В ответ те двое нагло уничтожающе хохотали:

– Ну конечно! Да знаем прекрасно, за чем на самом деле ходила!

Грета краснела и молча обиженно отворачивалась от нахалов.

После занятий все собирались за зданием училища, сидели там на бочонках или бревешках. Лена, закинув ногу на ногу, пела песню. Иногда появлялся чёрненький с розовыми ушами Андрюша Ленкина любовь. Они вместе курили, а потом обнимались и неистово взасос целовались.

Затем Лена с Гретой запрягали Андрея в маленькую, по типу китайской, двуколку, на неё становилась Грета в зелёном костюме амазонки. «Рикша» Андрей катал по двору двуколку туда-сюда, а возвышающаяся в ней, расставив ноги, Гретхен довольно улыбалась.

Покатав её, неуютно сопящий Андрей подсаживался к Лене и, заводясь, толкал её пальцем в бок, а потом и Гретхен.

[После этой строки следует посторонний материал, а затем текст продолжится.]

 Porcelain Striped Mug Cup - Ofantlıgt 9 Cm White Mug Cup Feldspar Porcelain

Иногда, что-то не поделив, они с Ленкой дрались.

На занятиях Лена и Андрей пытались сесть вместе, но все преподаватели их рассаживали. Однако те умудрялись переговариваться друг с другом через аудиторию наискосок, часто срывали занятия, кидались друг в друга жёваной смолой и китайскими палочками. После занятий снова дрались, и однажды Лена расцарапала его до крови. Потом опять мирились и обнимались. И Лена пела и приплясывала, виляя бёдрами.

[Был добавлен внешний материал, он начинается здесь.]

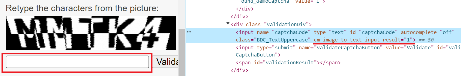 Ao mesmo tempo, captchas e campos de entrada correspondentes devem ter o mesmo id.

Я восхищалась ей и ненавидела её в то же время. Эту безбашенную, животную, ни о чём не думающую весёлую сволочь.

Однажды ей что-то не понравилось на лекции Захара Семёновича, и она сначала, заорав, влезла на стул, а потом и на стол. И стояла на этой высоте, подбоченясь.

– Дурачок ты мой! крикнула она оттуда Захару Семёновичу.

– Я не твой, слышишь! заорал он в ответ. Я не твой, я не твой, я не твой!

Почему я сдружилась с ней? Это произошло после той катастрофы в нашей жизни, когда отец уплыл отдыхать на Граппские острова, а вернулся санитарным пароходом больным.

Он утверждал, что его болезнь, разъедающая кости, получена просто от немытых стаканов. Но я-то хорошо уже знала, что такого практически никогда не бывает, и, скорее всего, мой отец изменил маме с какими-то местными женщинами. И каким он выглядел ничтожным, трясущимся, оправдывающимся… Отца было жалко, и в то же время он был противен теперь.